Получив это второе письмо Феокрита, Неофрон так обрадовался, что даже простил раба, опоившего лошадь. Сам потом удивился своему необычному великодушию. Любил, правда, вспоминать слова Алкидаманта: «Все люди суть вольноотпущенные божества: природа не создает рабов», но на деле обходился с рабами, как и другие. Конюху предстояло назавтра получить полсотни плетей, и варвар не знал, каких богов ему благодарить — своих или греческих. Неофрон же почувствовал, что у него появляется надежда на бессмертие. Теперь он не только богатый человек, любящий философию, а прежде всего друг Феокрита. Письма поэта Неофрон показал немногим и будто невзначай — пусть не думают, что эпикуреец хвастается. Своего все же добился — в Лампсаке немало было разговоров об этих посланиях.

Вот если бы Феокрит еще посвятил ему хотя бы эпиграмму... Довольно нескольких строк, и его, Неофрона, имя не умрет:

«Людям от Муз лишь одних посылается добрая слава,

Все же богатство умерших развеют по ветру живые.»

Поэт прав... Теперь Неофрон совсем другими глазами читал его послание Гиерону. Если бы... если бы... Но мечта о посвящении стихов не исполнялась и, самое главное, Феокрит в Лампсак не ехал, Вероятно, никогда бы и не приехал, не будь путешествия в Милет. Оттуда не так уже далеко и до Лампсака. Поэт решил, что следует наконец исполнить просьбу Неофрона, а заодно взглянуть и на места знаменитейшей из всех войн, осмотреть берега Геллеспонта, побывать, если удастся, на горе Иде...

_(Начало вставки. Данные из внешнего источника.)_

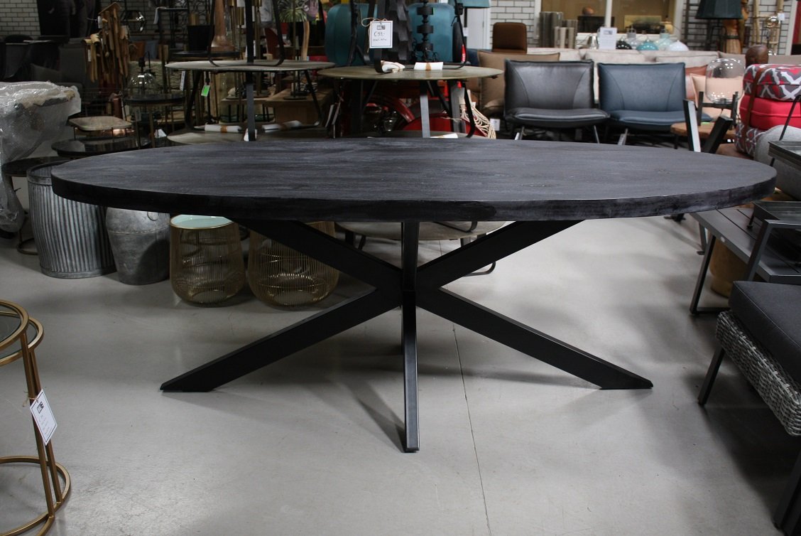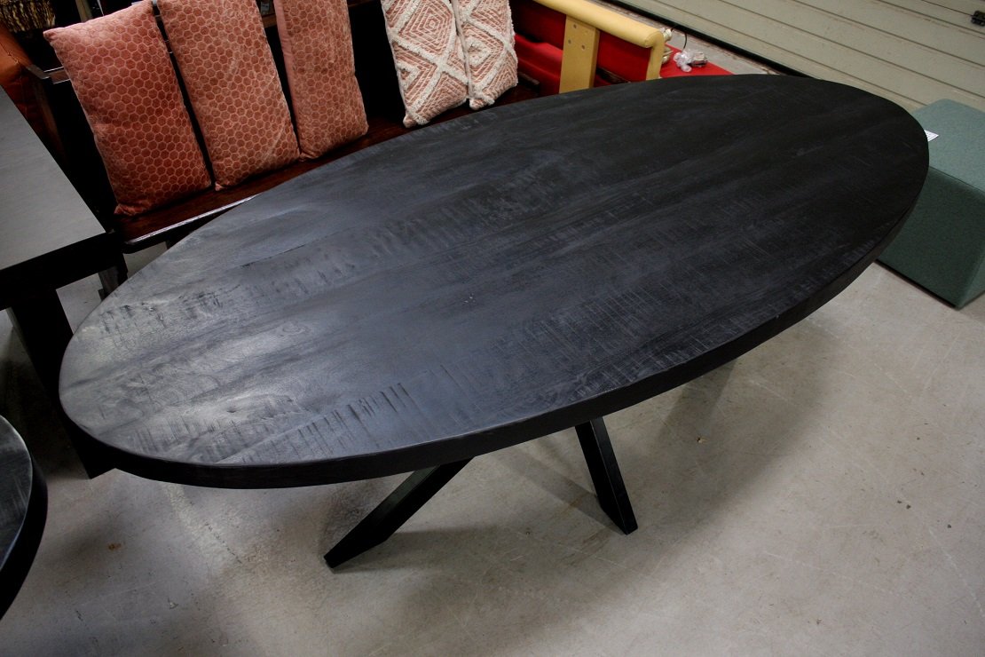 De tafel heeft een metalen onderstel en een mangohouten blad !
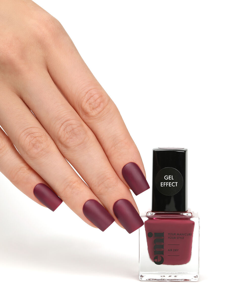 Ультрастойкий лак Gel Effect Багровые реки №222 бренда E.Mi – насыщенный бордовый оттенок с матовым эффектом, таящий в себе глубину и загадочность.
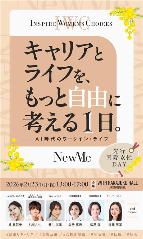 ▶︎ イベント「キャリアとライフを、もっと自由に考える1日―AI時代のワークイン・ライフ―」の詳細・参加申込みは、NewMeサイト内で。
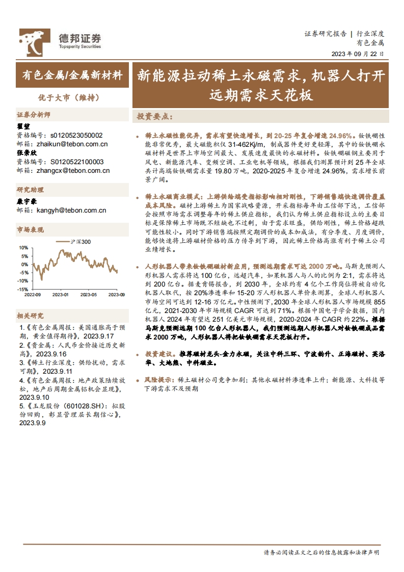 德邦證券:有色金屬金屬新材料行業(yè)深度-新能源拉動(dòng)稀土永磁需求-機(jī)器人打開(kāi)遠(yuǎn)期需求天花板
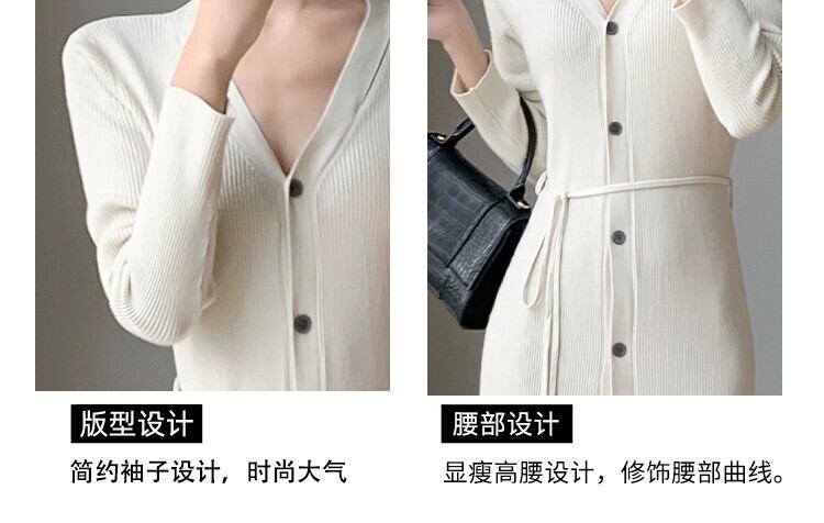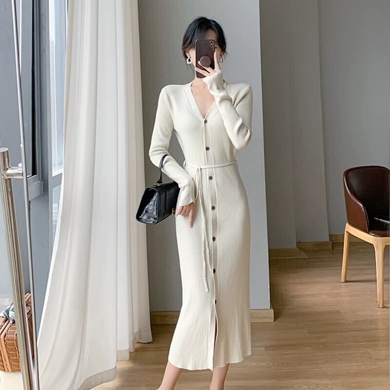ミドル丈の膝上セータードレス秋冬コート風シックなウエストベルト付きVネックニットワンピース オータム 秋物 ウィンター 冬物 ハーネス yingd31713353861
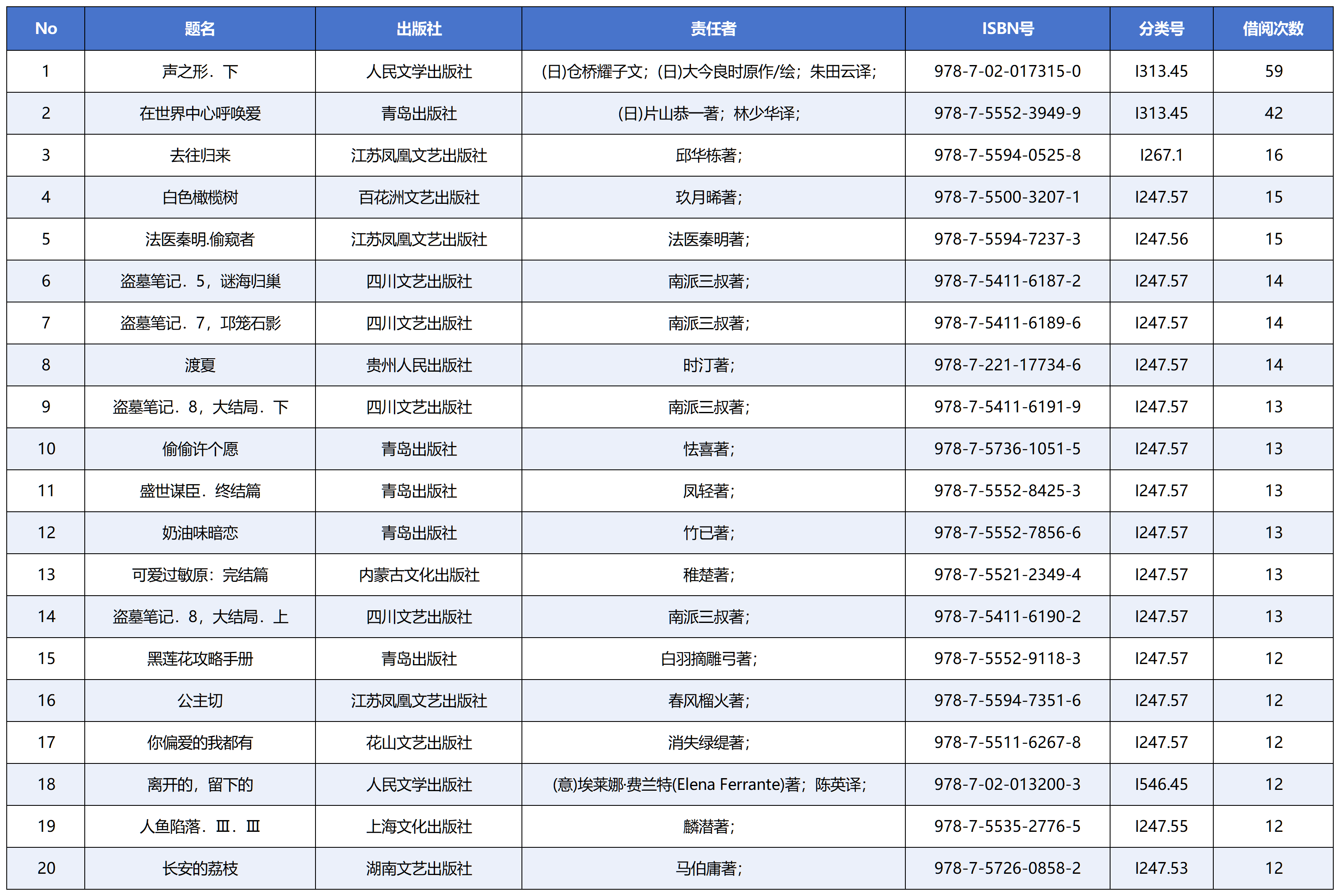 借阅热门图书一览|十一月份图书借出排行榜
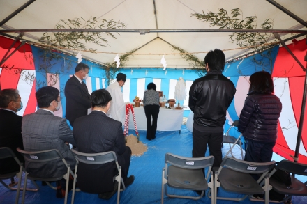 写真は先週行われた地鎮祭の様子。
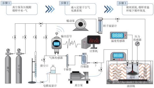 (1)利用真空脱附和循环氧化的方法,将煤中水分和气体脱附出来,增加煤中活性结构的暴露量并研究其在常温条件下的氧化行为。
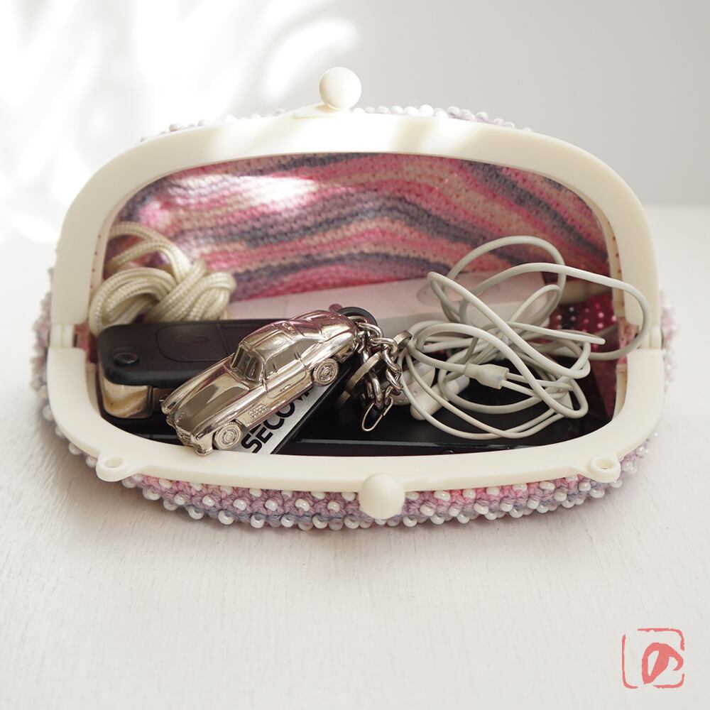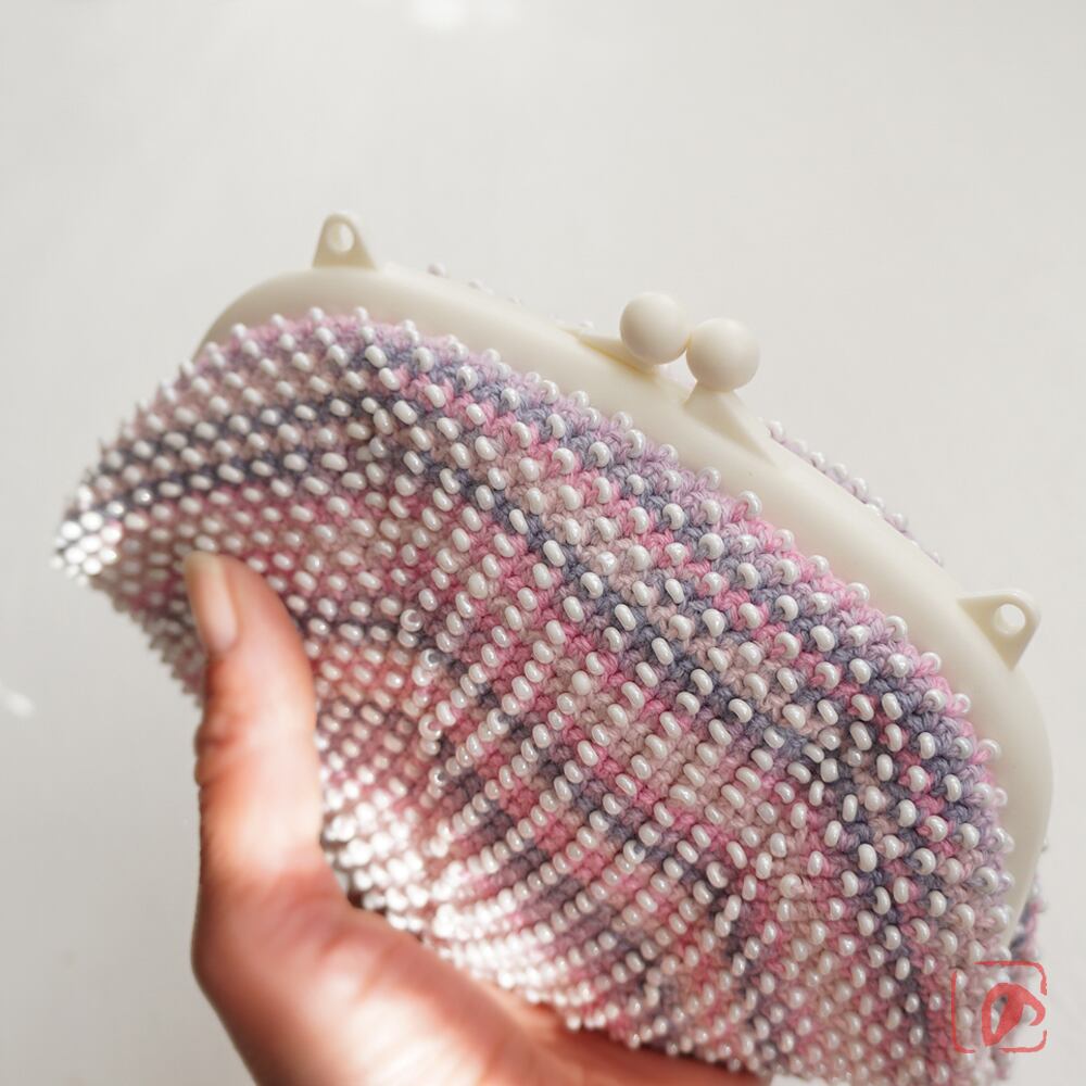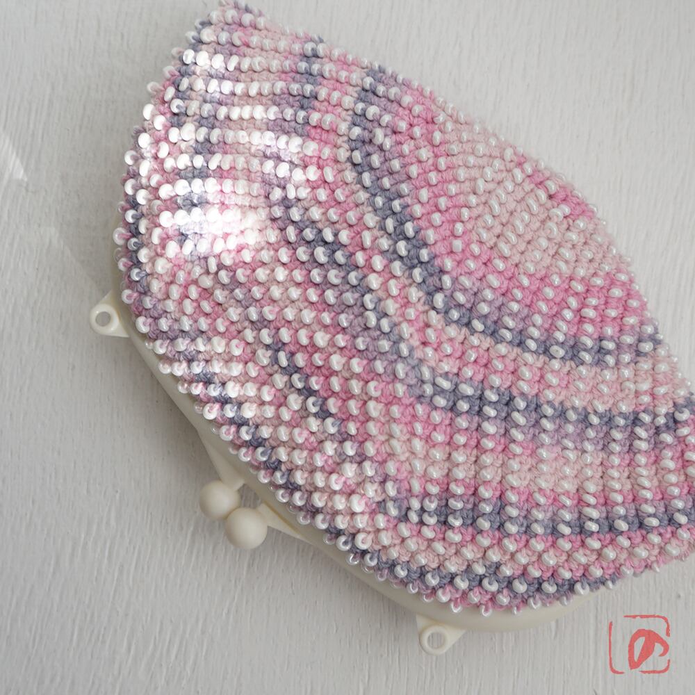編みがま口×ビーズがま口のハイブリットつぶつぶビーズがま口です。

Корабль, задерживаемый встречными ветрами, медленно шел на север. Мелкие островки Эгейского моря были словно опрокинутые зеленые чаши на голубой скатерти. Обогнули лесистый Самос, два дня простояли у восточного берега белокаменного Хиоса. Наконец ветер подул с юга. Вышли в открытое море. Снасти скрипели. Ветер крепчал и крепчал. Когда плыли мимо Лесбоса, он повернул на северо-восток и превратился в бурю.

Феокрит не был новичком морских странствий. В гимне «Диоскуры», подражая Гомеру, он описал одну из пережитых бурь:

«Парус изорван в клочки, и снасти висят в беспорядке.

Хлынули с темного неба потоки дождя ледяного.

Ночь надвигается быстро. Бушует широкое море,

Ветром бичуемо буйным и хлещущим градом суровым.»

Буря у Лесбоса разыгралась днем. Ни дождя, ни града не было. Ярко светило солнце, но тем страшнее было путникам. Капитан с остервенением стегал плетью охваченных отчаянием матросов. Милетские купцы, ехавшие в Византий, вспоминали о небесных покровителях моряков Касторе и Полидевке и, упав на колени, громко молили Зевсовых сыновей о помощи. Хотя паруса успели убрать, корабль несло прямо на прибрежные скалы. С великим трудом удалось проскочить в узкий вход залива Эврипа Пиррийского. В городке Пирре натерпевшиеся страху путешественники сошли на берег. Всем хотелось переночевать на твердой земле. Милетские купцы решили, что богам не угодна их поездка в Византий. Скорее, скорее домой...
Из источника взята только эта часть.